# [Entries supplied]
***

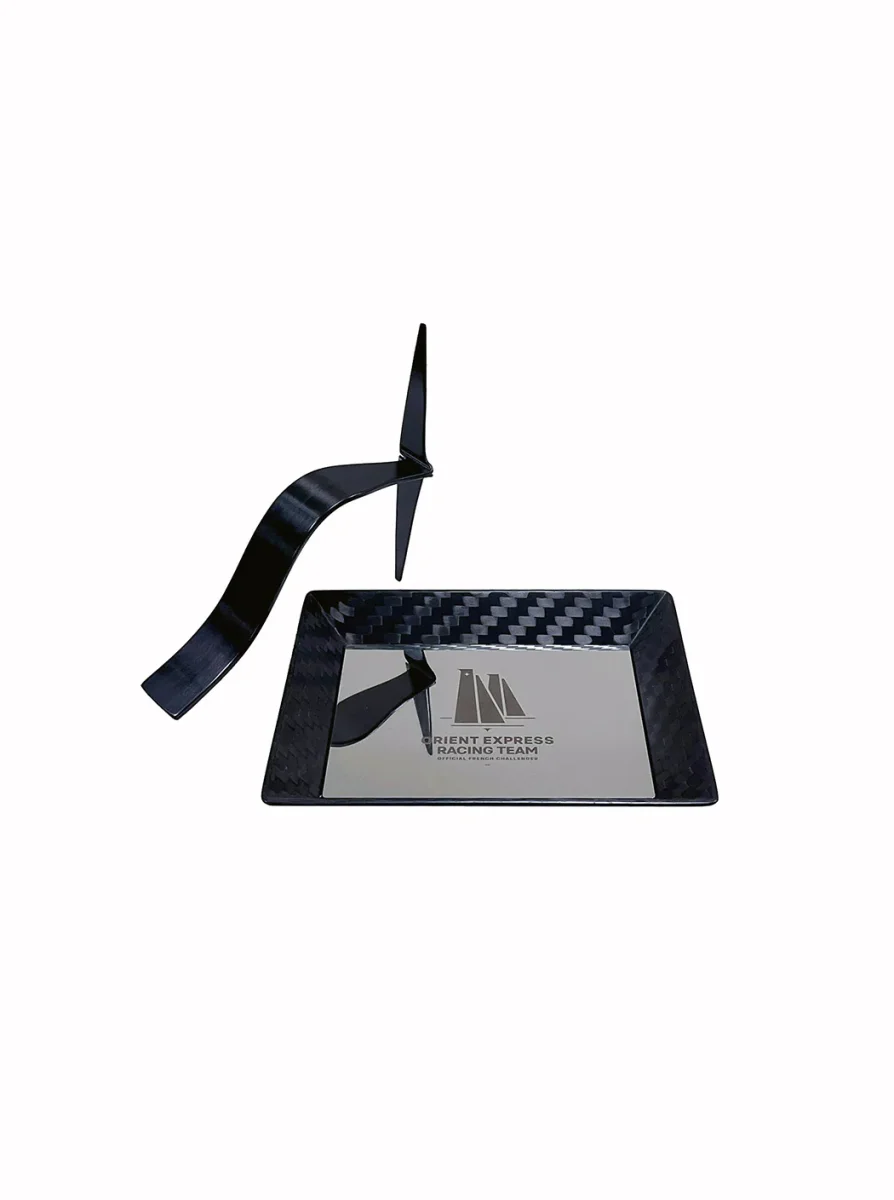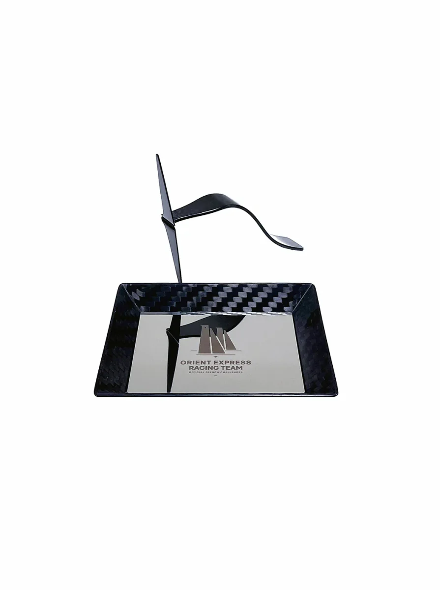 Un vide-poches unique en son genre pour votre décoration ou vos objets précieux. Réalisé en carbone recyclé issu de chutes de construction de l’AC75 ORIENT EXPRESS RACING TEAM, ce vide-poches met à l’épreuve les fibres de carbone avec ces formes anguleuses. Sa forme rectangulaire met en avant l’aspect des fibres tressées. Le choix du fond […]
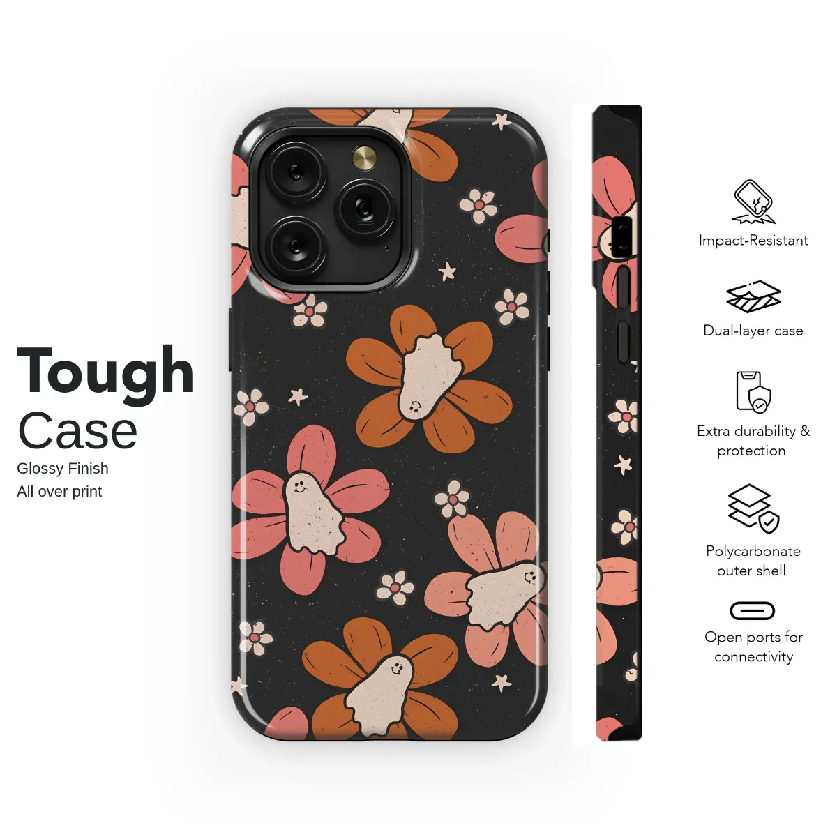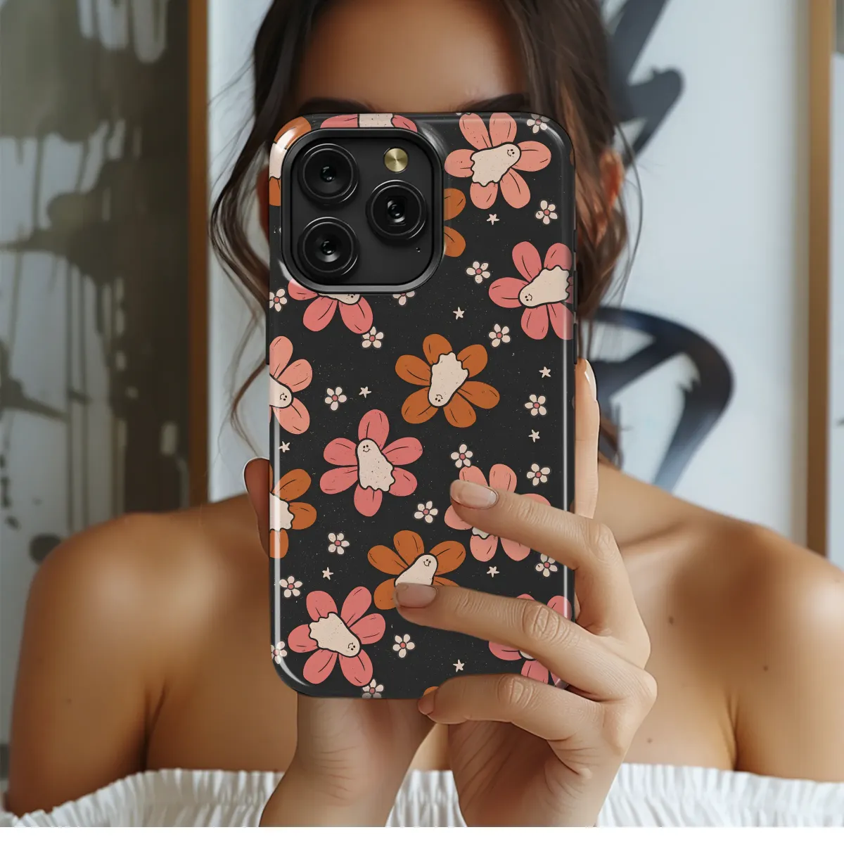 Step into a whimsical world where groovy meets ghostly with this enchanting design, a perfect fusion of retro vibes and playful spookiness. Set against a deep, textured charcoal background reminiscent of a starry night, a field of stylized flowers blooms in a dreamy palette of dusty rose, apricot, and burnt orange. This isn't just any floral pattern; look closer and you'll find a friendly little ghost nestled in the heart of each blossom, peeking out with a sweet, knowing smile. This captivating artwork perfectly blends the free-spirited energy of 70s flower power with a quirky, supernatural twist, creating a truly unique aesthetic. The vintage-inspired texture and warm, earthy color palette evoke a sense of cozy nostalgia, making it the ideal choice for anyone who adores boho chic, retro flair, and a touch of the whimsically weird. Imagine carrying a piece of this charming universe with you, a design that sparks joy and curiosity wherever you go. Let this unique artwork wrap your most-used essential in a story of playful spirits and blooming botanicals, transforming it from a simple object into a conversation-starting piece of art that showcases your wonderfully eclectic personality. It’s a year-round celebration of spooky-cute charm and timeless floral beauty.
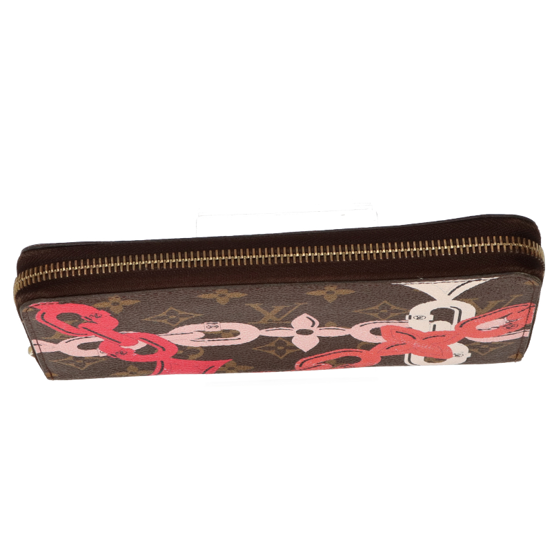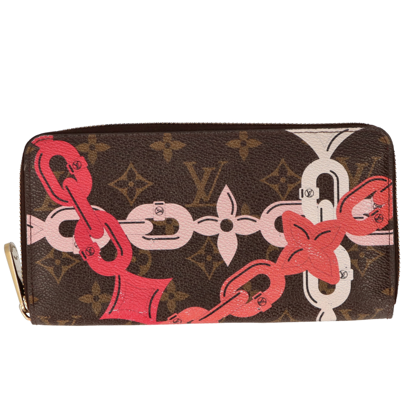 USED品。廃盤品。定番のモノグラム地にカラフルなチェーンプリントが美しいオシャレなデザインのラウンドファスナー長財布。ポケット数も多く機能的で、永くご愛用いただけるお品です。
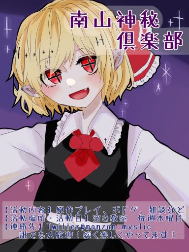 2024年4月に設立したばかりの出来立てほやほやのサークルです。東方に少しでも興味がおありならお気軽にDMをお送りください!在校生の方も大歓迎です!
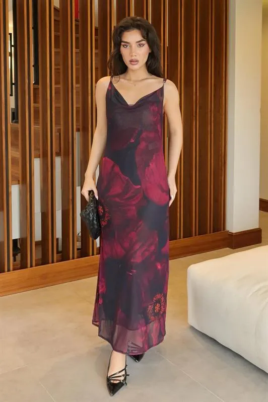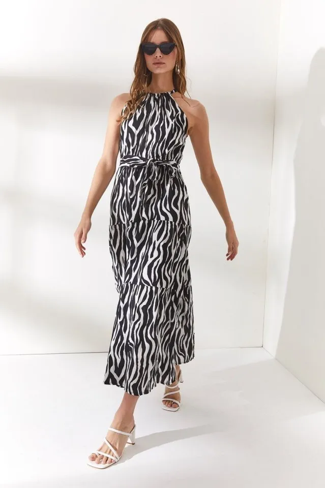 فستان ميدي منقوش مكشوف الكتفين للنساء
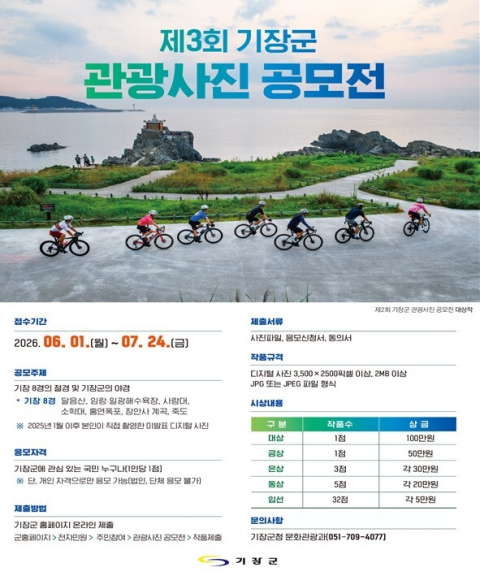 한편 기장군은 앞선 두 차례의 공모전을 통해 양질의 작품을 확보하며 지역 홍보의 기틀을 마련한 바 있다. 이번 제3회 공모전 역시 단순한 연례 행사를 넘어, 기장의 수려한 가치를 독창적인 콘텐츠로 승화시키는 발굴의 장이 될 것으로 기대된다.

***

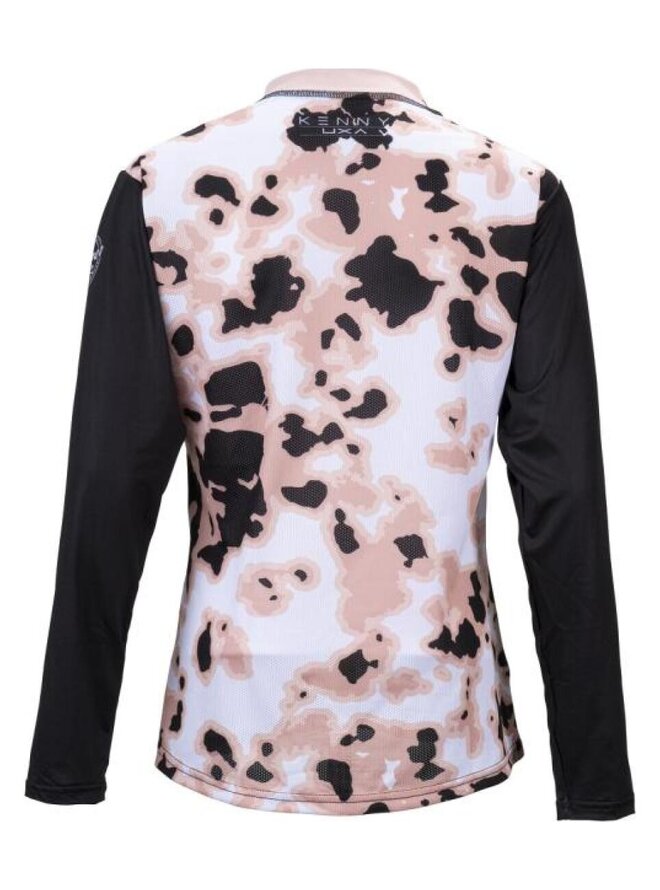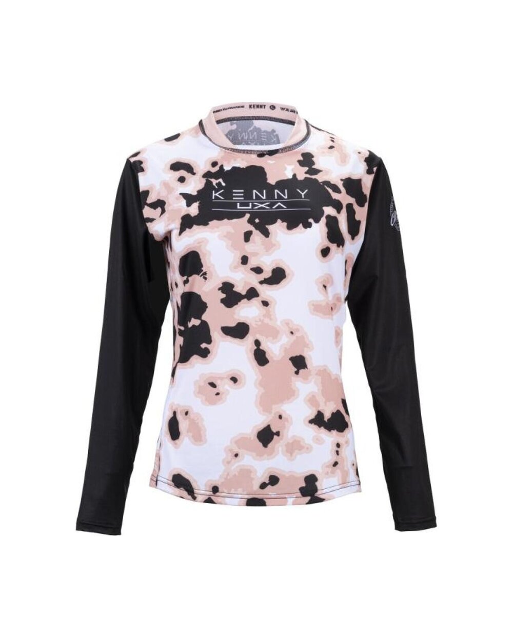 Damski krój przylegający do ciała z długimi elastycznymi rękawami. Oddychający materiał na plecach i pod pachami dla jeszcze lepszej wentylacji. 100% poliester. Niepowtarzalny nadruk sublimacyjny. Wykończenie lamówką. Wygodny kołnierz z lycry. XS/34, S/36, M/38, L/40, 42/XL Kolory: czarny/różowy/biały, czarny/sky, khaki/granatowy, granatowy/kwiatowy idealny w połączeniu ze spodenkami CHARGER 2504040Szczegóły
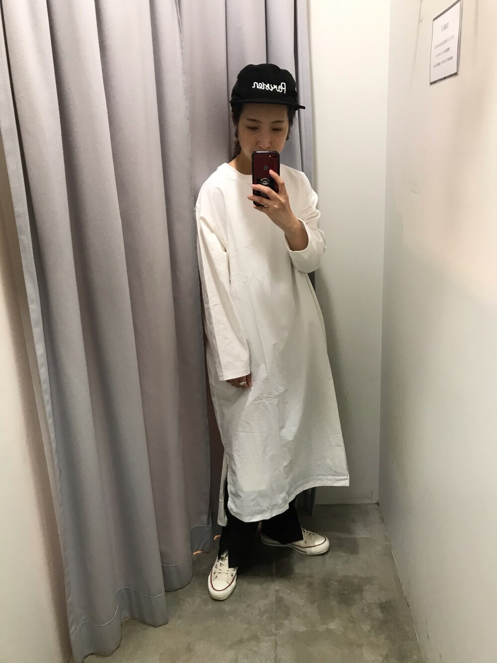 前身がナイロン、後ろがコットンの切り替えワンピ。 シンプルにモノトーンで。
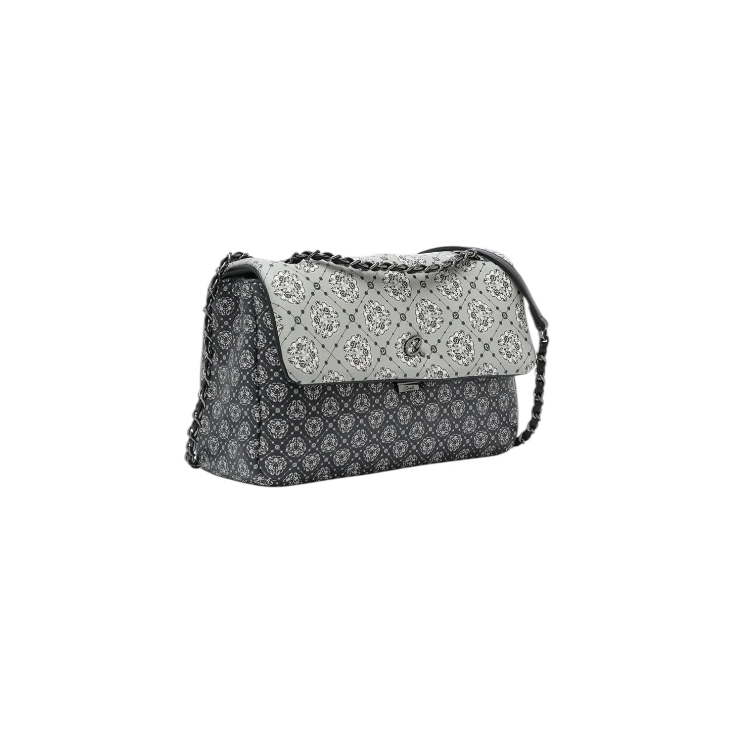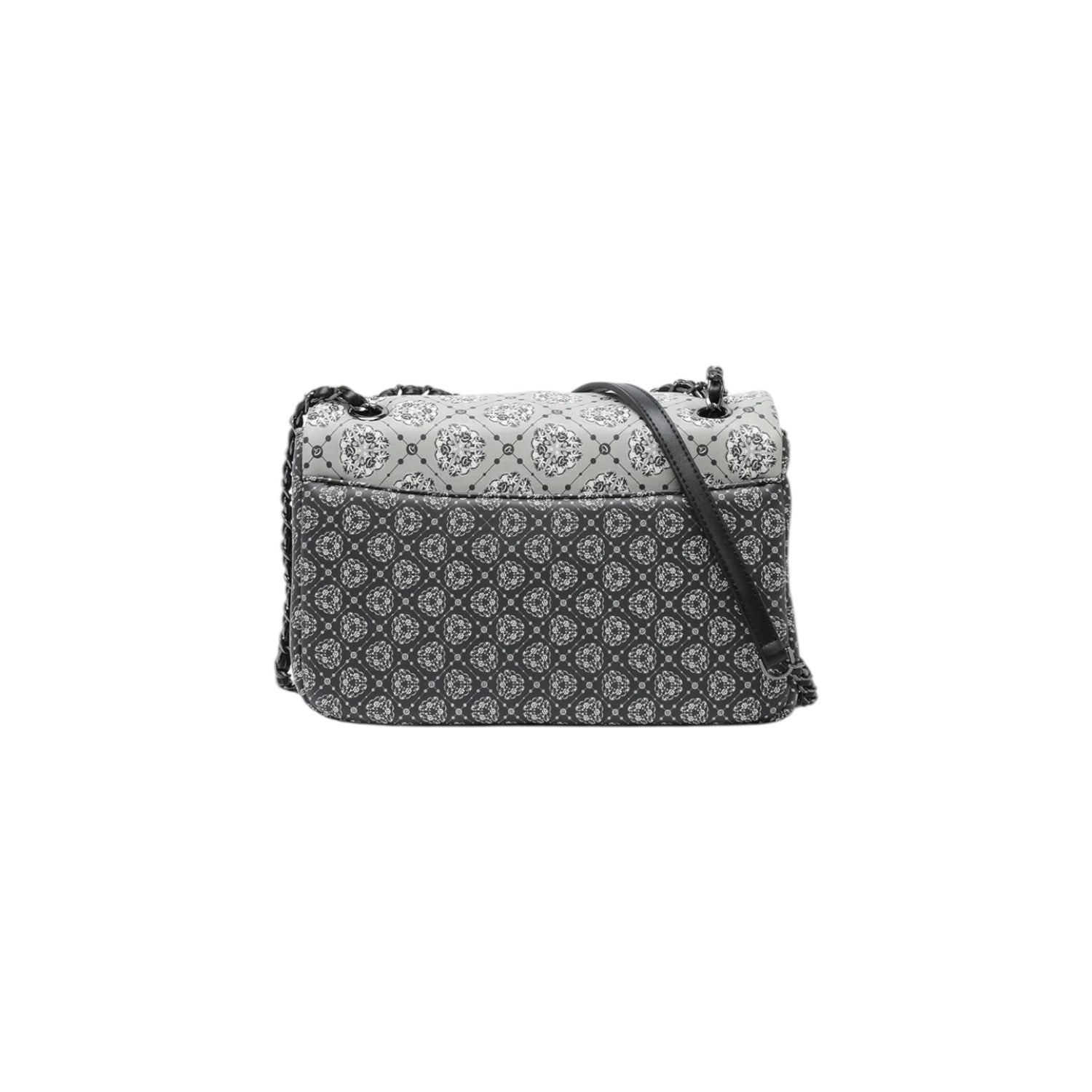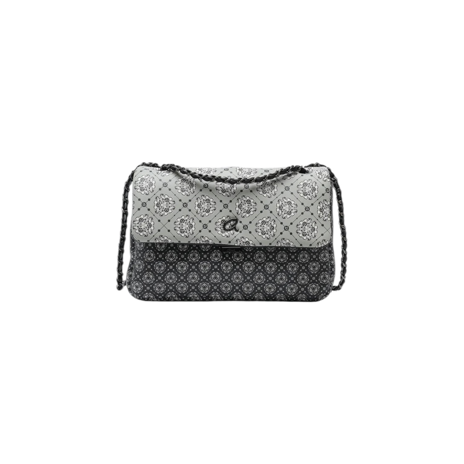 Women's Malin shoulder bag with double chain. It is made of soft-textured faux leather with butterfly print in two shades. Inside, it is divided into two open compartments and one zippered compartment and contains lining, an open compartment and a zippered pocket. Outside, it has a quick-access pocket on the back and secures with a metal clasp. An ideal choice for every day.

***

# [Problem details]
Write out, word for word, the stretch of entries that begins at the line with "Damski krój przylegający" and ends at the line with "前身がナイロン、後ろがコットンの切り替えワンピ。 シンプルにモノトーンで。". Pictures do not belong in it.

# [Response box]
 Damski krój przylegający do ciała z długimi elastycznymi rękawami. Oddychający materiał na plecach i pod pachami dla jeszcze lepszej wentylacji. 100% poliester. Niepowtarzalny nadruk sublimacyjny. Wykończenie lamówką. Wygodny kołnierz z lycry. XS/34, S/36, M/38, L/40, 42/XL Kolory: czarny/różowy/biały, czarny/sky, khaki/granatowy, granatowy/kwiatowy idealny w połączeniu ze spodenkami CHARGER 2504040Szczegóły
 前身がナイロン、後ろがコットンの切り替えワンピ。 シンプルにモノトーンで。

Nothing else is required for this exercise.